* [Data]
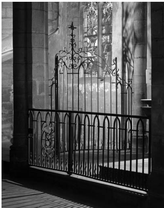
Vue d'ensemble rapprochée de la grille, de trois quarts gauche. 70, Gray place de la Sous-Préfecture
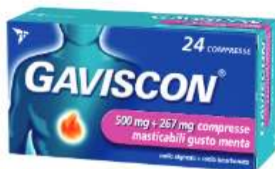
GAVISCON 500 mg + 267 mg 24 compresse gusto menta
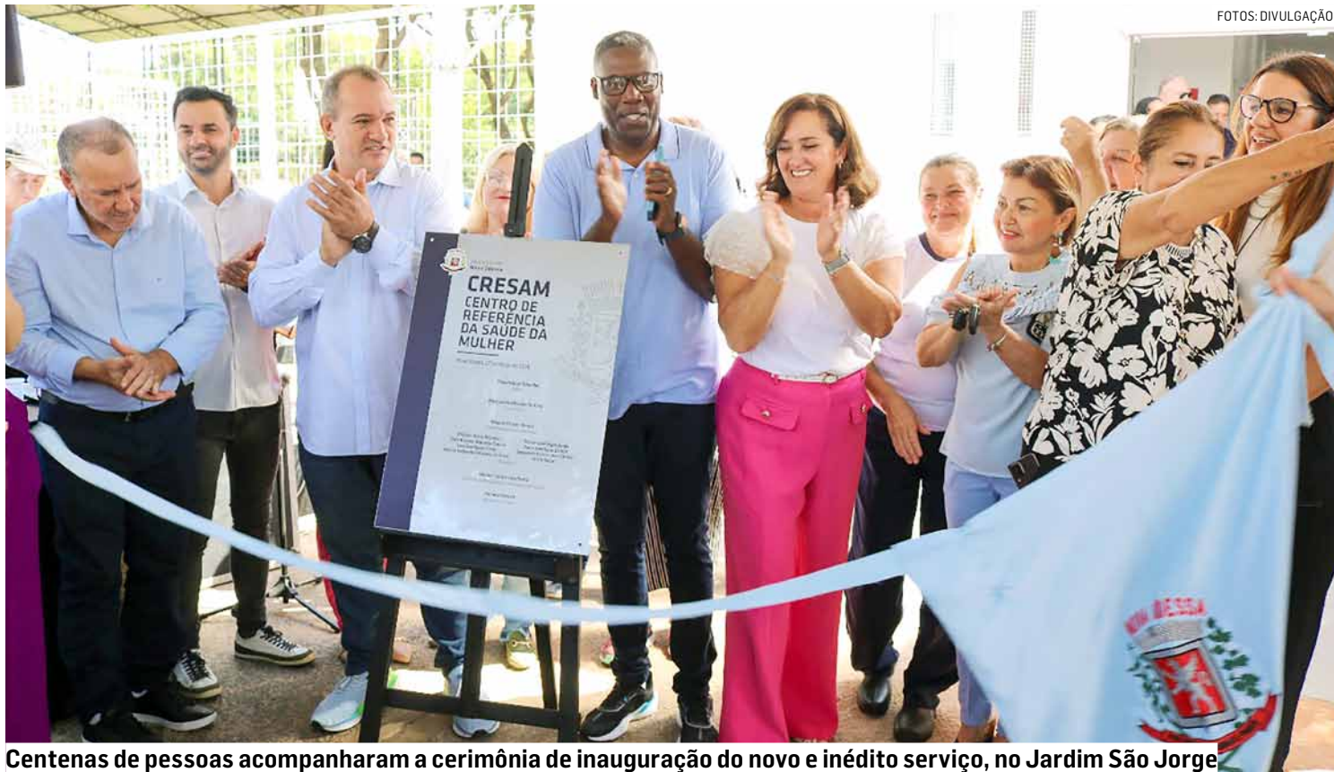
Centenas de pessoas acompanharam a cerimônia de inauguração do novo e inédito serviço, no Jardim São Jorge

As obras do CRESAM foram iniciadas em 2019, ainda na gestão anterior, mas abandonadas logo em seguida. Em função da interrupção da obra inacabada, uma emenda parlamentar
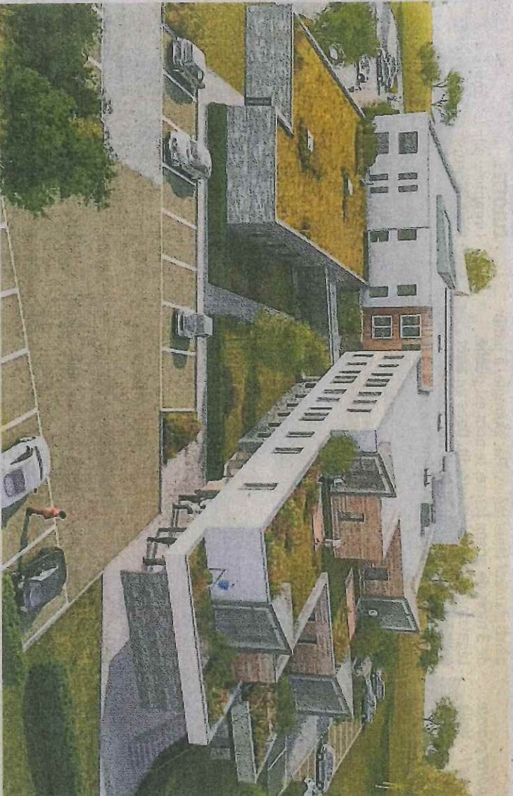
L'inauguration devait avoir lieu en décembre 2016.

Les travaux de la nouvelle maison de santé pluridisciplinaire d'Auxi, et de ses 24 logements, touchent à leur fin. Les élus avaient organisé une première visite du chantier, quelques mois avant l'ouverture de ce complexe innovant.
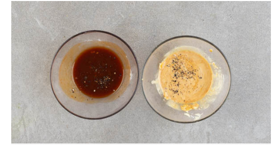
3. Saucen anrühren

Das Fleisch aus der Pfanne nehmen und auf etwas Küchenkrepp abtropfen lassen, die Pfanne auswischen. Das Fleisch in ca. 1cm dicke Scheiben schneiden und zurück in die Pfanne geben. Mit der Würzsauce begießen und bei mittlerer Hitze 30Sek.-1Min. braten, bis die Sauce eingedickt ist, dann mit dem Sesam bestreuen.
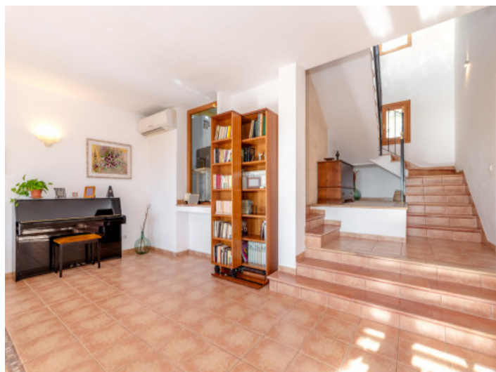
Wohnbereich und Flur

Alle Angaben nach bestem Wissen. Irrtum und Zwischenverkauf vorbehalten. Dieses Exposé ist eine Vorinformation, als Rechtsgrundlage gilt allein der notariell abgeschlossene Kaufvertrag.
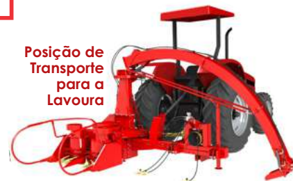
Posição de Transporte para a Lavoura
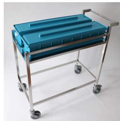
Chariot N.02 211/09 et 2 ensemble non autoclavable N.02 695
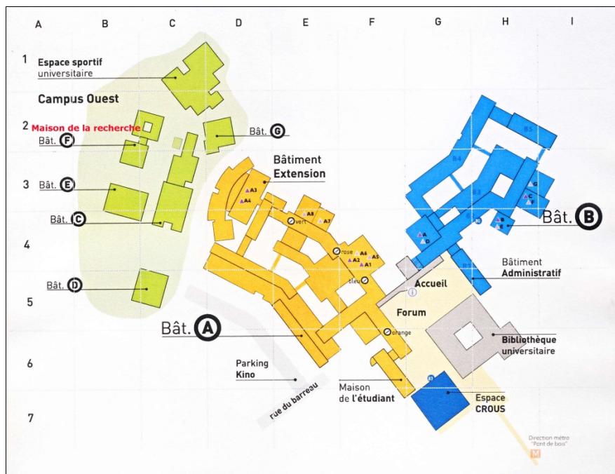
Situation de la Maison de la recherche (Bât. F) sur le campus de Lille 3
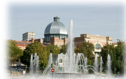
主辦單位 LOGO 及會議地點
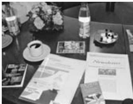
Sitzungsstillleben: Wasser, Kaffee, Papiere, Sprachführer, Süßes...
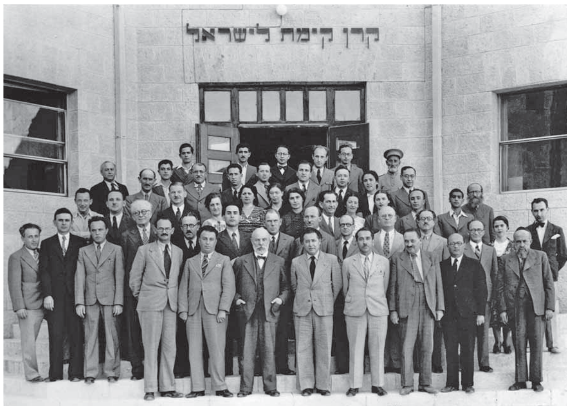
פקידי הקק"ל בראשותו של מנחם אוסישקין, ינואר 1938

ובהם כמוכן האוניברסיטה. 28 תקנון קק"ל וחוזי החכירה של קרקעותיה בעיר ובכפר הבטיחו את שמירת הזהות הציונית על מקרקעין אלו; למשל נאסרה החכרת קרקעות קק"ל ללא יהודים, והחוכרים התחייבו כי הקרקעות יעובדו אך ורק בעבודה עברית. 29
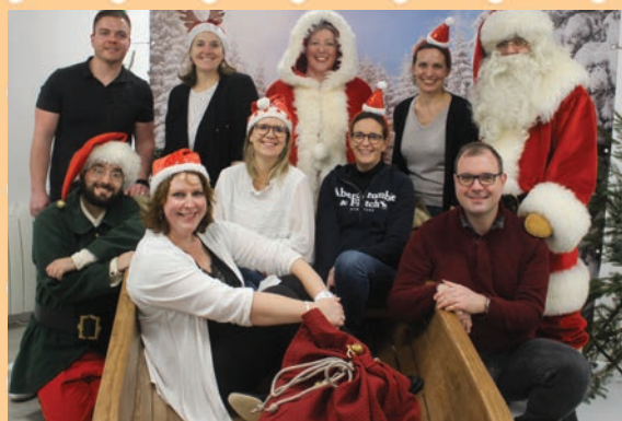
Parents d'élèves avec le Père et la Mère Noël

Dans les projets, nous avons également lancé la création d'une association. Ceci permettra aux parents qui ne souhaitent pas s'engager en tant que représentants élus mais qui ont tout de même envie de participer à l'organisation et à la tenue des diverses manifestations de nous rejoindre, ainsi que les grands parents et tout bénévole animé par l'envie de faire plaisir aux enfants ! A bientôt !
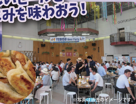
※写真は過去のイメージです。

※新型コロナウイルス感染症の拡大状況によっては中止や内容変更となる場合があります。
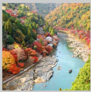
“ARASHIYAMA MT. KAMEYAMA”
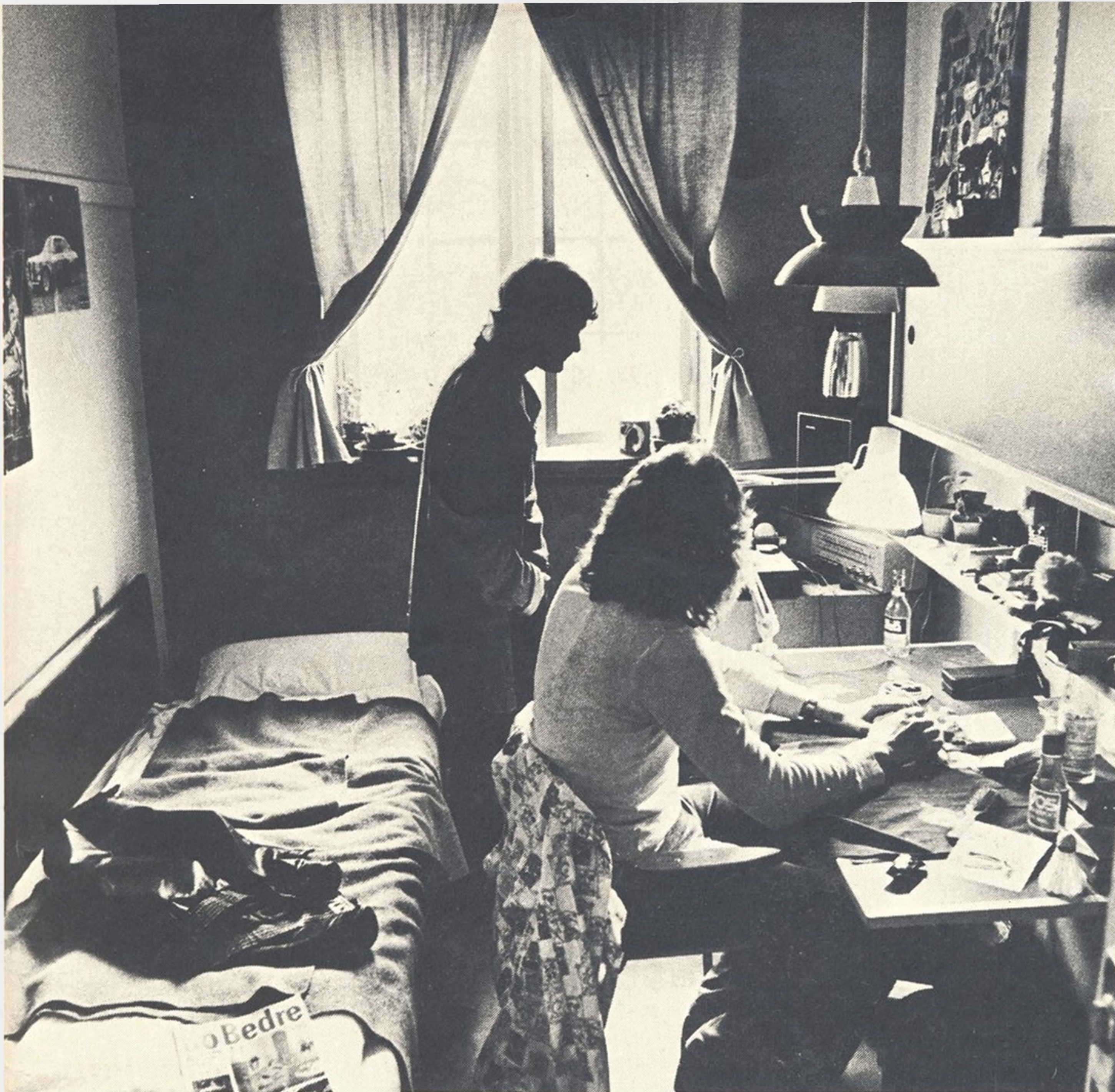
Fangerne har deres eget værelse og nøgle så de kan læse efter sig.

gens skyld, forklarer han. Og når det går godt de første par gange, så bliver de fleste ved, indtil de bliver taget en dag.
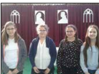
Iskolai hírek 9–10. oldal
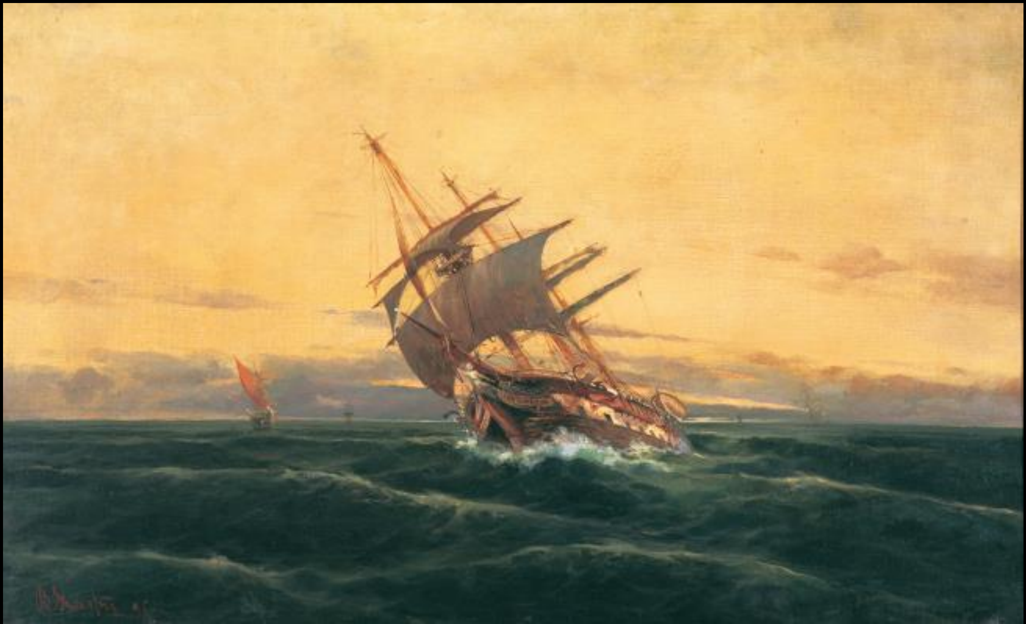
Βασίλειος Χατζής, Πλοίο σε καταιγίδα, 1896, λάδι σε καμβά, 60x97 εκ., Πινακοθήκη Αβέρωφ, Μέτσοβο

* [Assigned task] Find all the lines containing "ensemble" in the material, then copy them.

* [Exercise answer]
Vue d'ensemble rapprochée de la grille, de trois quarts gauche. 70, Gray place de la Sous-Préfecture
Chariot N.02 211/09 et 2 ensemble non autoclavable N.02 695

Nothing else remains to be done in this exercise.